Я знал, что здесь в норах таятся ядовитые ящерицы и сколопендры, знал, что здесь повсюду змеи. Завыли дикие собаки. Не в них опасность, но этот вой мне напомнил, что я на самом краю Америки, посреди пустыни, в трех часах езды на машине от ближайшей станции. И ночь впереди. Единственная примета цивилизации – железная дорога и столбы. Пусть бы хоть поезд прошел. Я уж не раз прислонялся к телеграфному столбу, словно мальчишка, слушал, как гудят провода, что тянулись с севера к побережью. Я взял карту, стал ее изучать.
Собаки по-прежнему выли, в сером море этой равнины звук, раздиравший воздух, как петушиный крик, внушал отвращение, и от него становилось еще тоскливее и холодней. К счастью, я захватил с собой бутылку виски. И курил, курил, только бы успокоиться. Когда совсем стемнело, я осветил приборы, фары включить я боялся. Хоть бы поезд прошел…
Мне приходили в голову различные истории, рассказы о людях, которые забирались в эти места, когда и дорог еще не было, а потом их находили где-нибудь в овраге – скелет да одежда, только и всего. Бандиты, жажда, солнечный удар, змеи. Легко было представить себе те времена, когда люди здесь убивали друг друга, когда люди падали на землю, чтоб уже не подняться. Тоненькая змейка железнодорожного полотна и шоссе – вот все, что было здесь от рук человеческих. Уйти в сторону от дороги, забраться в овраги, продираться сквозь кактусы под этим звездным небом – да возможно ли это?

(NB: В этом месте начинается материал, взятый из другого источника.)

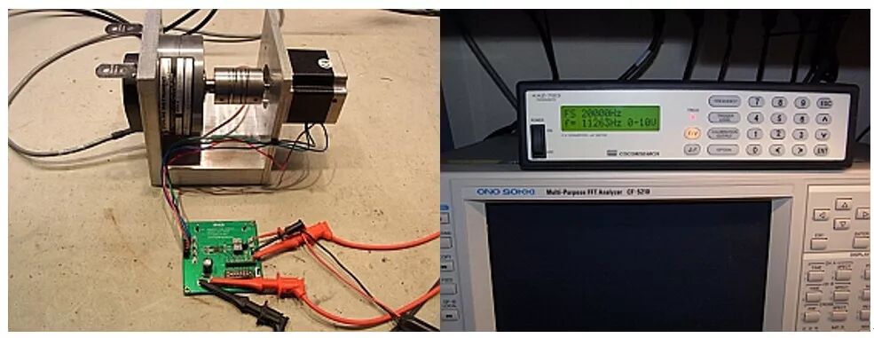 步进电机的运行质量,往往很难准确的量化评估。通常,靠人的眼睛,耳朵,手来判断相对位置,噪声和振动的情况。这些方法都很难精确测量每个细分段的位置精度。一个步距角1.8°步进电机,每八分之一步对应的旋转角度为0.225°,非常小。 在电机运动时,比较容易的测试方法是时域测量, 定位误差会转化为速度的变化。速度随时间的变化可以用示波器测量出来。为了实现这些测量,测试设备需要一个高分辨率的光学编码器和与步进电机支架组装在一起的磁粉制动器。
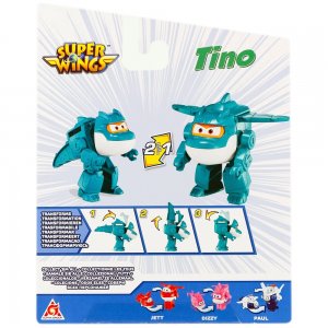 Ako všestranná 3-v-1 figúrka sa Tino dokáže premeniť z lietadla na robota a dinosaura, keď misia vyžaduje veľkosť, silu a mohutný rev! Figúrka Super Wings sa valí na kolieskach a má pohyblivé ruky a nohy pre dynamické pózy a nápaditú, akčnú hru.

Я вздрогнул и вскочил на ноги, когда неподалеку от меня чихнул пес, а где-то вдали покатился камень. Выключил свет, потом тотчас же снова включил его. Чтоб прогнать страх, вспомнил наваленный на повозку скарб, узлы, тюки, кастрюли; вспомнил лица мексиканцев. Должно быть, семья отправлялась па сезонные работы в Сан-Бернардино или еще выше, в горы. Я разглядел худенькие ноги детей, копыта мула, который едва плелся. Ветер трепал грязно-белые брюки шагавшего за повозкой мексиканца, мул вытягивал шею, с трудом тащил повозку. Проезжая мимо, я подумал, что эти бедняки, должно быть, заночуют в каком-нибудь овраге – конечно, им не добраться до станции 37, прежде чем стемнеет.
Вот взять хотя бы их, подумал я. Где у них дом? Ну как можно родиться и жить в такой стране, как эта? А все же люди приспосабливались, тянулись куда-то в поисках сезонной работы, жили жизнью, не дававшей им передышки,– полгода в подвалах, полгода в открытом поле. Этим даже не пришлось пройти через приют в Алессандрии, жизнь сама выкурила их из нор, бичевала то голодом, то постройкой железной дороги, то переворотами и войнами из-за нефти, и теперь они едва тащились вслед за своим мулом. Еще счастье, что мул есть. Были и такие, что из дому уходили босиком, даже без женщины. Я вышел из кабины на дорогу и застучал каблуками, только бы согреться. Равнину поглотила ночь, по ней скользили тени, дорога едва виднелась. А ледяной ветер все шуршал и шуршал, взметая песок; собаки умолкли; отовсюду доносились вздохи, отзвуки чьих-то голосов. Я достаточно выпил, чтобы больше ничего не бояться. Стоял, вдыхал в себя запахи высохшей травы, соленого ветра и вспоминал холмы Фресно.
Потом послышался шум поезда. Сначала будто конь тащил по ровным камешкам дороги повозку, но вот показались огни. Я понадеялся, что это чья-нибудь машина или, может, та самая повозка мексиканцев. Вскоре грохот заполнил равнину, засверкали искры. Что думают об этом змеи и скорпионы?